→ Action item: Whenever a picture appears, leave it out while repeating all the other data exactly.

→ Information shown:
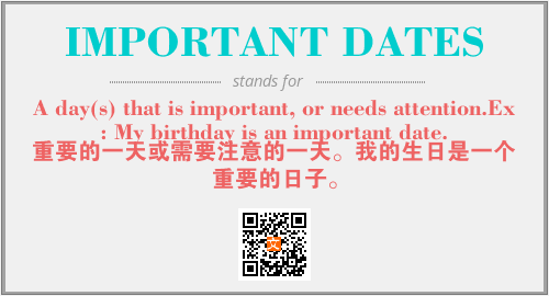 以上为A day(s) that is important, or needs attention.Ex: My birthday is an important date.英文缩略词IMPORTANT DATES的中文解释,以及该英文缩写在英语的流行度、分类和应用领域方面的信息。
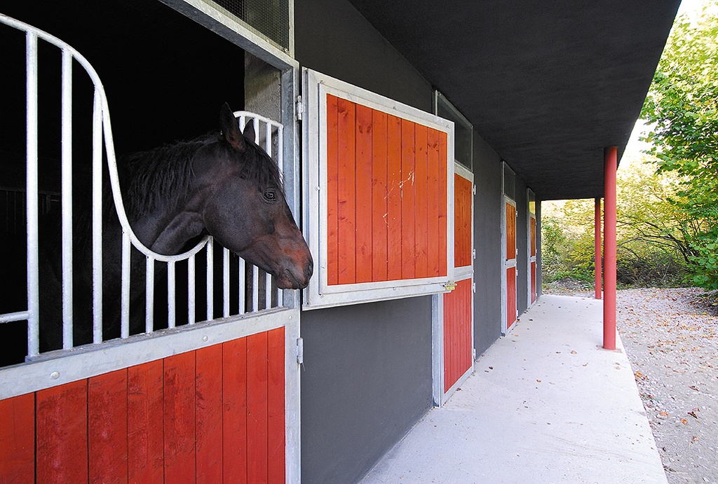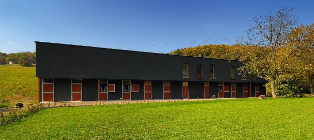 This settlement of Nová Baňa gradually reduces its density towards the mountains, until becoming completely dispersed among the meadow and mixed forest covered hills. Right here, in a county in which construction activities occur only very tentatively, the building of new stables for racehorses has met with the topic of contemporary architecture probably for the first time. Horses, with their relaxed lives have ideal conditions here; there is enough fresh pasture and a space to exercise. The stables, housing professional equipment, therefore ideally complements the framework for breeding. The disposition of the building is clearly readable from outside. On the ground floor the stables are accessible from two sides with the window and door facing the green courtyard. Access to the stable from the top is protected by the cantilevered upper deck supported by thin poles. A studio and living spaces is found upstairs. The expressive horizontal body of the stables is structured with a regular pattern of dark red wooden wings, alternating with doors and windows embedded in a white frame, which is perhaps the only reference to traditional stables.
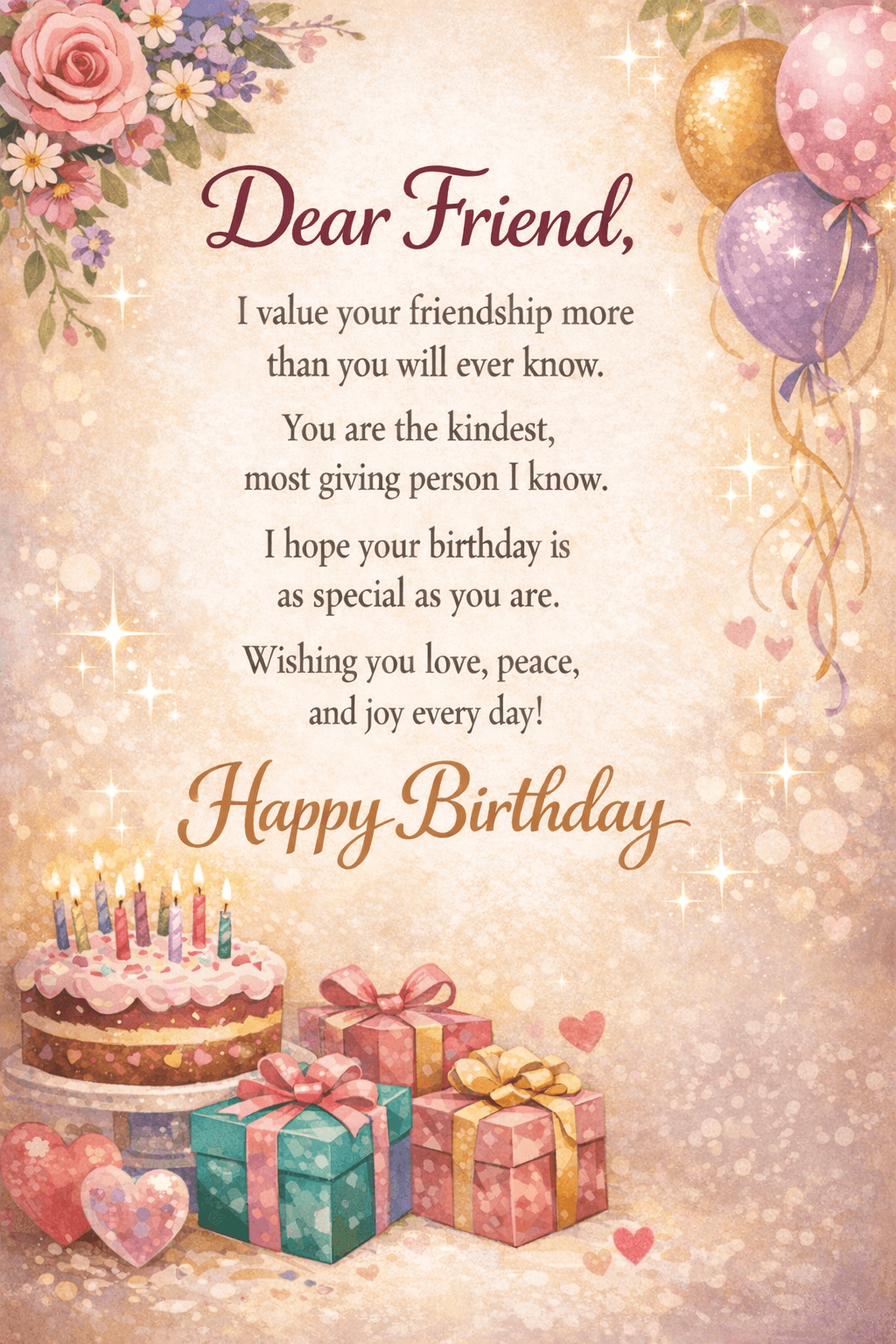 | A Dear Friend | “Celebrating another year of your wonderful life. May this day bring you all the peace and happiness you deserve.” |

→ Exercise answer:
 以上为A day(s) that is important, or needs attention.Ex: My birthday is an important date.英文缩略词IMPORTANT DATES的中文解释,以及该英文缩写在英语的流行度、分类和应用领域方面的信息。
 This settlement of Nová Baňa gradually reduces its density towards the mountains, until becoming completely dispersed among the meadow and mixed forest covered hills. Right here, in a county in which construction activities occur only very tentatively, the building of new stables for racehorses has met with the topic of contemporary architecture probably for the first time. Horses, with their relaxed lives have ideal conditions here; there is enough fresh pasture and a space to exercise. The stables, housing professional equipment, therefore ideally complements the framework for breeding. The disposition of the building is clearly readable from outside. On the ground floor the stables are accessible from two sides with the window and door facing the green courtyard. Access to the stable from the top is protected by the cantilevered upper deck supported by thin poles. A studio and living spaces is found upstairs. The expressive horizontal body of the stables is structured with a regular pattern of dark red wooden wings, alternating with doors and windows embedded in a white frame, which is perhaps the only reference to traditional stables.
 | A Dear Friend | “Celebrating another year of your wonderful life. May this day bring you all the peace and happiness you deserve.” |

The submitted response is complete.